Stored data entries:
▼

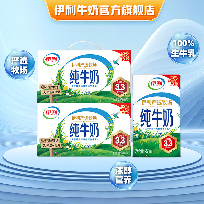 伊利牛奶系列 营养早餐搭配 优质乳蛋白 礼盒装 【送礼必备】严选牧场纯牛奶250ml*24盒*2提 1月产
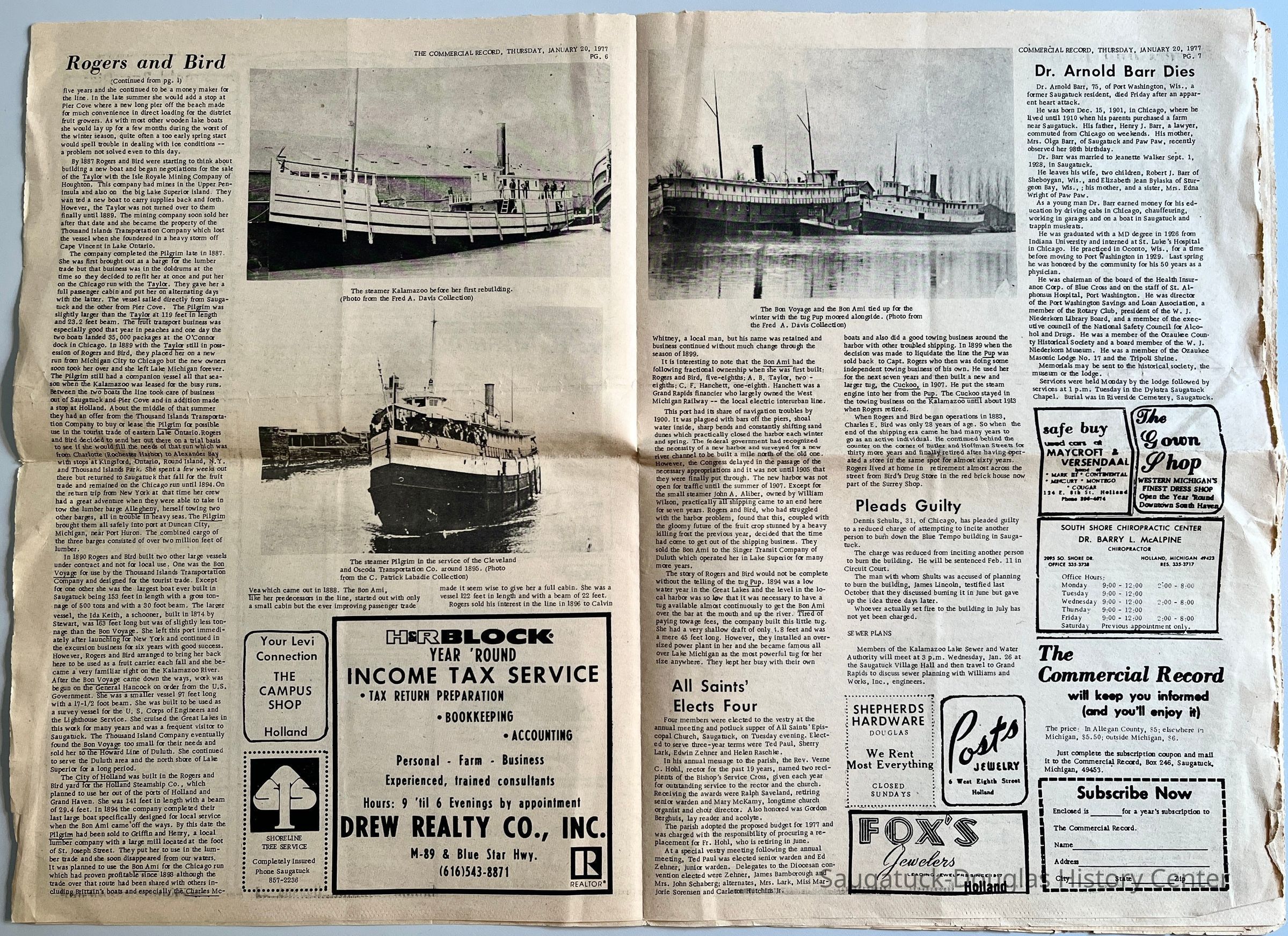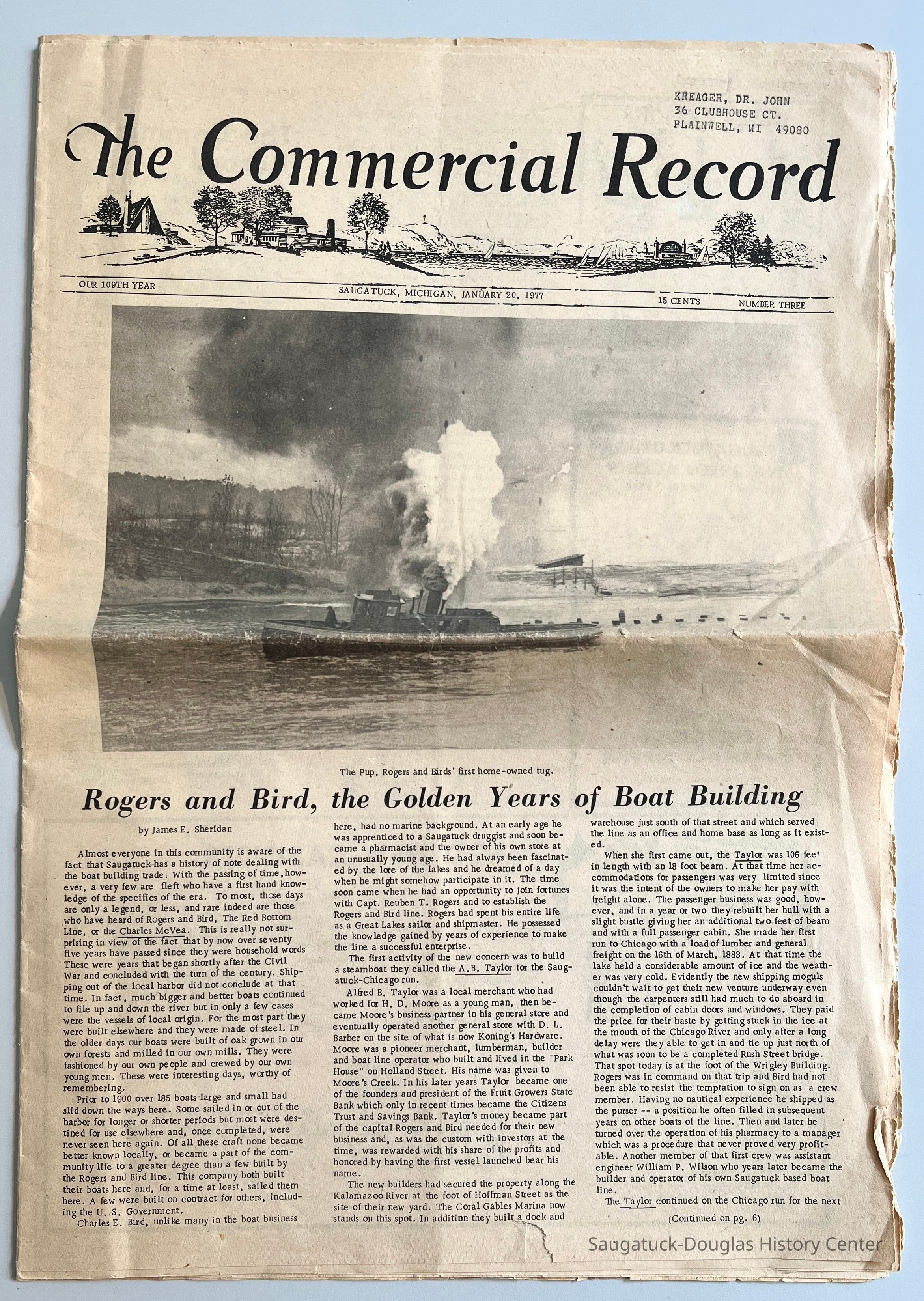 E. Commercial Record, 20 Jan 1977, mailed to Dr. John Kreager in Plainwell, MI, with front page story "Rogers and Bird, the Golden Years of Boat Building"
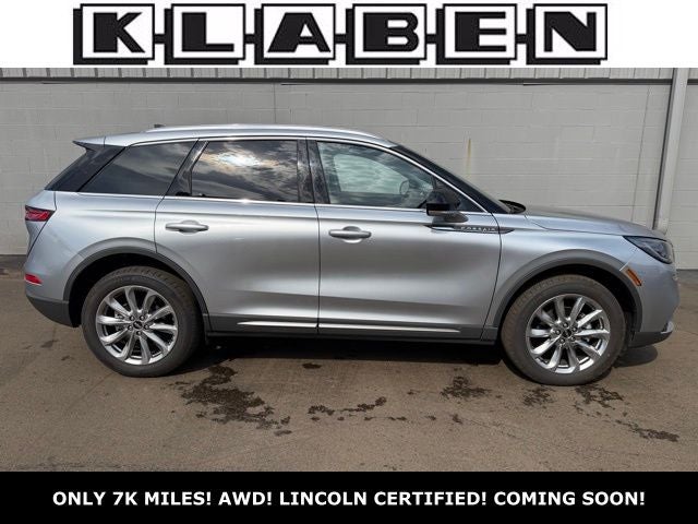 Lincoln Signature Certification Certified, 10 Speakers, 18 Bright Machined Aluminum Wheels, 19 Premium Painted Aluminum Wheels, 3.81 Axle Ratio, 4-Wheel Disc Brakes, 60/40 EasyFold Rear Seat w/Power Seatback Release, ABS brakes, Air Conditioning, All-Weather Floor Liners w/Fr&Rr Carpet Floor Mats, Alloy wheels, AM/FM radio: SiriusXM, Ambient Lighting, Auto High-beam Headlights, Auto-dimming Rear-View mirror, Automatic temperature control, Brake assist, Bumpers: body-color, Compass, Convenience Package, Delay-off headlights, Driver door bin, Driver vanity mirror, Dual front impact airbags, Dual front side impact airbags, Electronic Stability Control, Elements Package, Emergency communication system: 911 Assist, Equipment Group 101A, Four wheel independent suspension, Front anti-roll bar, Front Bucket Seats, Front Center Armrest, Front dual zone A/C, Front reading lights, Fully automatic headlights, Heated door mirrors, Heated front seats, Heated Rear Seat, Heated Steering Wheel, Heated/Ventilated Driver & Front Passenger Seats, Illuminated entry, Knee airbag, Low tire pressure warning, Memory seat, Micro-Perforated Lincoln Soft Touch Seats, Occupant sensing airbag, Outside temperature display, Overhead airbag, Overhead console, Panic alarm, Panoramic Vista Roof w/Power Shade, Passenger door bin, Passenger vanity mirror, Power door mirrors, Power driver seat, Power Liftgate, Power passenger seat, Power steering, Power windows, Premium Leather-Trimmed Comfort Seats, Premium Package, Radio data system, Radio: Lincoln Premium Audio System w/MP3, Rain Sensing Wipers, Rear anti-roll bar, Rear Parking Sensors, Rear reading lights, Rear seat center armrest, Rear window defroster, Rear window wiper, Remote keyless entry, Roof rack: rails only, Security system, SiriusXM Radio, Speed control, Speed-sensing steering, Speed-Sensitive Wipers, Split folding rear seat, Spoiler, Steering wheel mounted A/C controls, Steering wheel mounted audio controls, SYNC 3 Communications & Entertainment System, Tachometer, Telescoping steering wheel, Tilt steering wheel, Traction control, Trip computer, Universal Garage Door Opener, Variably intermittent wipers, Ventura Leather-Wrapped Steering Wheel, Voice-Activated Touchscreen Navigation System, Windshield Wiper De-Icer. Silver Radiance Metallic Clearcoat 2022 Lincoln Corsair Standard AWD 8-Speed Automatic 2.0L I4
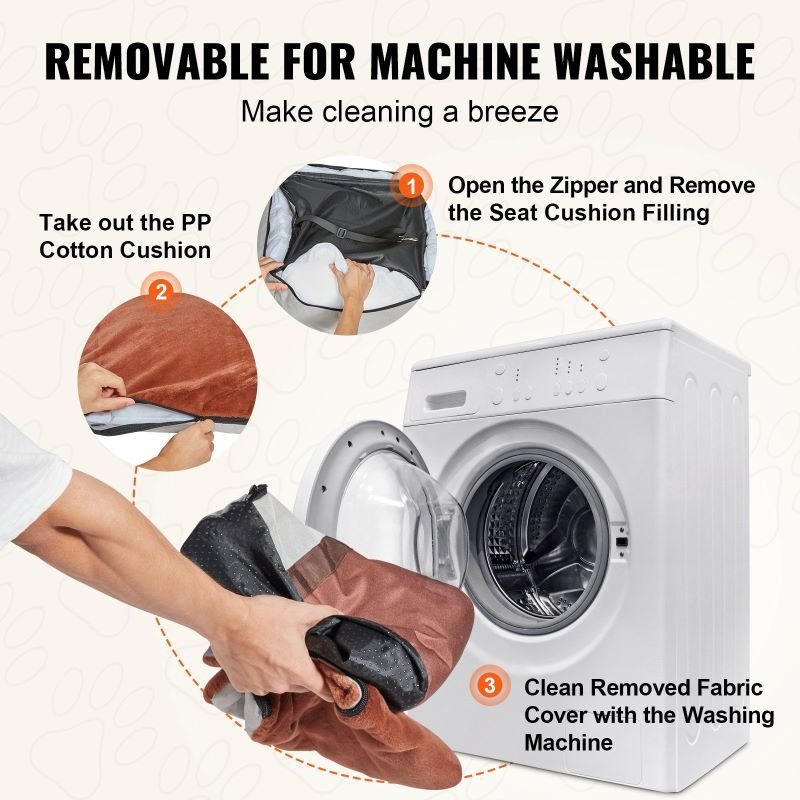 Designed for convenience, this puppy car seat has a fully removable cover and built-in sliding zipper.
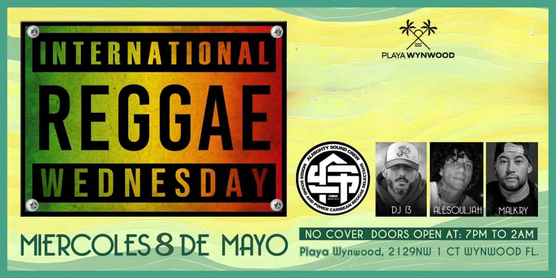 Join us at Playa Wynwood for a sensational evening celebrating the soulful rhythms of reggae music. Immerse yourself in the electrifying beats brought to you by a lineup of talented DJs1!
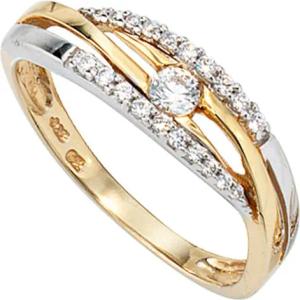 Ring Flügel aus 333 Gold Gelbgold bicolor mit 9 Zirkonia Fingerring Damen, Ringgröße:Innenumfang 50mm ~ Ø15.9mm
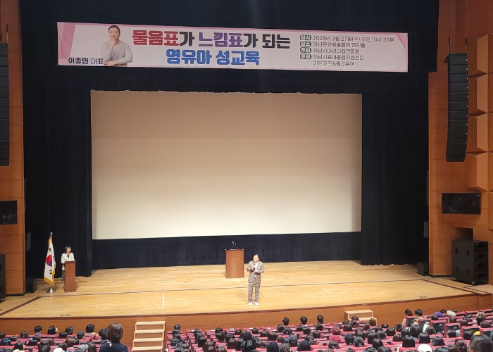 이날 강연은 ‘푸른아우성’의 2대 대표이며 금쪽같은 내 새끼 등 다수 방송에서 활약 중인 이충민대표가 ‘물음표가 느낌표가 되는 영유아성교육’이라는 주제로 본인의 경험담을 포함한 발달 과정 속 자연스러운 영유아의 성에 대하여 교육했다.
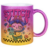 Labubu Stitch, Κούπα Χρυσή/Ροζ Glitter, κεραμική, 330ml
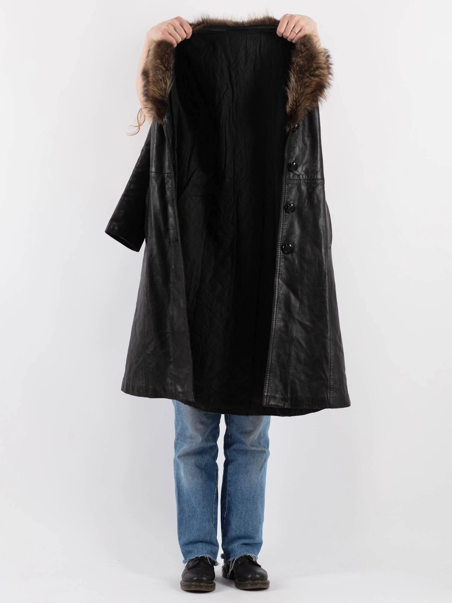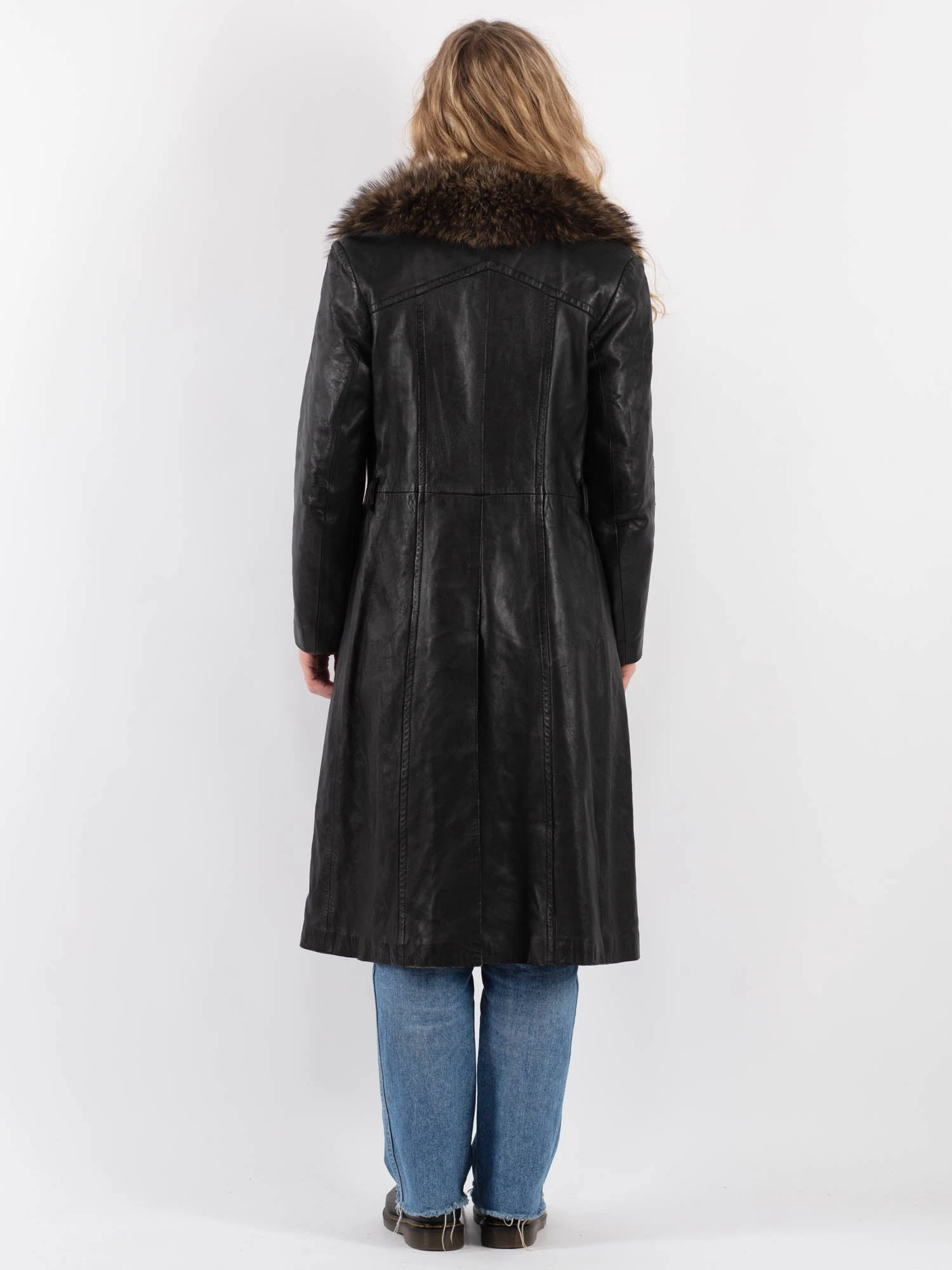 Black Vintage 70’s Penny Lane Leather Coat in Black With Free Delivery
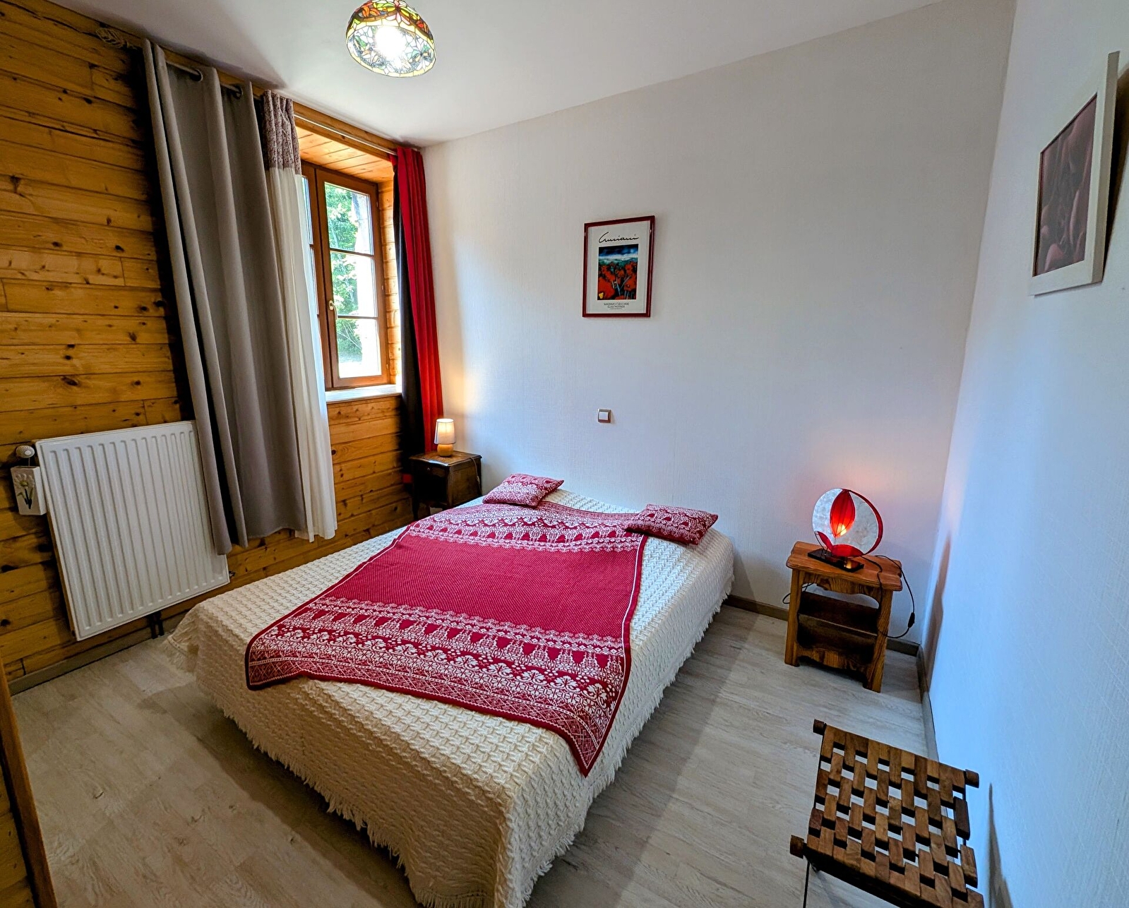 Le second gîte [ H70G002849 ], aménagé dans une ancienne maison forestière, offre un confort soigné pour 6 à 8 personnes. Il comprend une cuisine équipée, deux salles d’eau/WC, un espace salon en mezzanine avec couchages d’appoint (1 banquette lit 1 pers 90/190 et lit tiroir 90/190), deux chambres confortables (1 chambre (1 lit 160/190), 1 chambre (2 lits 140/190) ), ainsi qu’un jardin avec terrasse et verger. Le chauffage central au bois et les draps sont inclus.
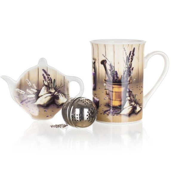 Čajová sada z obľúbenej kolekcie Lavender sa hodí do každej kuchyne. Sada obsahuje keramický hrnček, kovové sitko a odkladaciu tácku. Sada je vyrobená z kvalitnej keramiky a kovu.

▲

— Exercise goal —
Every line above gets copied exactly; none of the pictures do.

— Answer space —
 伊利牛奶系列 营养早餐搭配 优质乳蛋白 礼盒装 【送礼必备】严选牧场纯牛奶250ml*24盒*2提 1月产
 E. Commercial Record, 20 Jan 1977, mailed to Dr. John Kreager in Plainwell, MI, with front page story "Rogers and Bird, the Golden Years of Boat Building"
 Lincoln Signature Certification Certified, 10 Speakers, 18 Bright Machined Aluminum Wheels, 19 Premium Painted Aluminum Wheels, 3.81 Axle Ratio, 4-Wheel Disc Brakes, 60/40 EasyFold Rear Seat w/Power Seatback Release, ABS brakes, Air Conditioning, All-Weather Floor Liners w/Fr&Rr Carpet Floor Mats, Alloy wheels, AM/FM radio: SiriusXM, Ambient Lighting, Auto High-beam Headlights, Auto-dimming Rear-View mirror, Automatic temperature control, Brake assist, Bumpers: body-color, Compass, Convenience Package, Delay-off headlights, Driver door bin, Driver vanity mirror, Dual front impact airbags, Dual front side impact airbags, Electronic Stability Control, Elements Package, Emergency communication system: 911 Assist, Equipment Group 101A, Four wheel independent suspension, Front anti-roll bar, Front Bucket Seats, Front Center Armrest, Front dual zone A/C, Front reading lights, Fully automatic headlights, Heated door mirrors, Heated front seats, Heated Rear Seat, Heated Steering Wheel, Heated/Ventilated Driver & Front Passenger Seats, Illuminated entry, Knee airbag, Low tire pressure warning, Memory seat, Micro-Perforated Lincoln Soft Touch Seats, Occupant sensing airbag, Outside temperature display, Overhead airbag, Overhead console, Panic alarm, Panoramic Vista Roof w/Power Shade, Passenger door bin, Passenger vanity mirror, Power door mirrors, Power driver seat, Power Liftgate, Power passenger seat, Power steering, Power windows, Premium Leather-Trimmed Comfort Seats, Premium Package, Radio data system, Radio: Lincoln Premium Audio System w/MP3, Rain Sensing Wipers, Rear anti-roll bar, Rear Parking Sensors, Rear reading lights, Rear seat center armrest, Rear window defroster, Rear window wiper, Remote keyless entry, Roof rack: rails only, Security system, SiriusXM Radio, Speed control, Speed-sensing steering, Speed-Sensitive Wipers, Split folding rear seat, Spoiler, Steering wheel mounted A/C controls, Steering wheel mounted audio controls, SYNC 3 Communications & Entertainment System, Tachometer, Telescoping steering wheel, Tilt steering wheel, Traction control, Trip computer, Universal Garage Door Opener, Variably intermittent wipers, Ventura Leather-Wrapped Steering Wheel, Voice-Activated Touchscreen Navigation System, Windshield Wiper De-Icer. Silver Radiance Metallic Clearcoat 2022 Lincoln Corsair Standard AWD 8-Speed Automatic 2.0L I4
 Designed for convenience, this puppy car seat has a fully removable cover and built-in sliding zipper.
 Join us at Playa Wynwood for a sensational evening celebrating the soulful rhythms of reggae music. Immerse yourself in the electrifying beats brought to you by a lineup of talented DJs1!
 Ring Flügel aus 333 Gold Gelbgold bicolor mit 9 Zirkonia Fingerring Damen, Ringgröße:Innenumfang 50mm ~ Ø15.9mm
 이날 강연은 ‘푸른아우성’의 2대 대표이며 금쪽같은 내 새끼 등 다수 방송에서 활약 중인 이충민대표가 ‘물음표가 느낌표가 되는 영유아성교육’이라는 주제로 본인의 경험담을 포함한 발달 과정 속 자연스러운 영유아의 성에 대하여 교육했다.
 Labubu Stitch, Κούπα Χρυσή/Ροζ Glitter, κεραμική, 330ml
 Black Vintage 70’s Penny Lane Leather Coat in Black With Free Delivery
 Le second gîte [ H70G002849 ], aménagé dans une ancienne maison forestière, offre un confort soigné pour 6 à 8 personnes. Il comprend une cuisine équipée, deux salles d’eau/WC, un espace salon en mezzanine avec couchages d’appoint (1 banquette lit 1 pers 90/190 et lit tiroir 90/190), deux chambres confortables (1 chambre (1 lit 160/190), 1 chambre (2 lits 140/190) ), ainsi qu’un jardin avec terrasse et verger. Le chauffage central au bois et les draps sont inclus.
 Čajová sada z obľúbenej kolekcie Lavender sa hodí do každej kuchyne. Sada obsahuje keramický hrnček, kovové sitko a odkladaciu tácku. Sada je vyrobená z kvalitnej keramiky a kovu.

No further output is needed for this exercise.